The Royal Agricultural and Horticultural Society of South Australia was founded in November 1839 as the South Australian Agricultural Society with the aim of promoting primary industries in the Colony. The Society and its functions were patterned on similar organisations in England, and in its successive incarnations, the organisation has continued to pursue this aim (in the State) to the current day.

==History==

===Foundation===
The South Australian Agricultural Society was founded as the result of a public meeting held on 28 October 1839.

The original Constitution provided for a President, four Vice-Presidents, Hon. Secretary, Hon. Treasurer and a committee of 18 citizens selected by a formula intended to give representation to the range of members' interests and locations, one-third of whom were to retire annually by rotation. At some later stage, the committee increased to 40.

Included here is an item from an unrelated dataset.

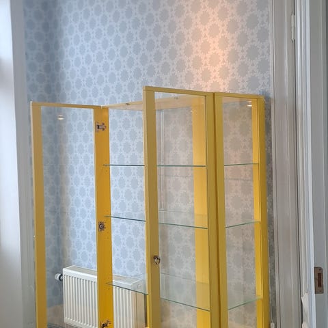 Vitrinskåpet är i nyskick och finns i Göteborg. Något lägre pris än i butik och du slipper den extremt tidskrävande monteringen.
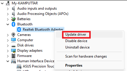 1.NyitottEszközkezelőa számítógépén, és bővítseAdapterek megjelenítésebenne a mellette lévő nyílra kattintva.

- The initial appointees were
| President: | David McLaren |
| Vice-Presidents: | Charles Sturt, John Barton Hack, J. H. Fisher and John Morphett |
| Hon. Secretary: | Captain Charles Berkeley |
| Hon. Treasurer: | J. A. Jackson |
| Committee: | * Robert Cock * William Giles sen. * E. B. Gleeson * Stephen Hack * John Hallett * J. Keynes | * John Knott * R. R. Leake * D. McFarlane * T. S. O'Halloran * William Pinkerton * W. B. Randell | * Ed Rowlands * John Rogers * S. Stephens * George Stevenson * T. B. Strangways * Thomas Williams |
Governor Gawler accepted nomination as Patron.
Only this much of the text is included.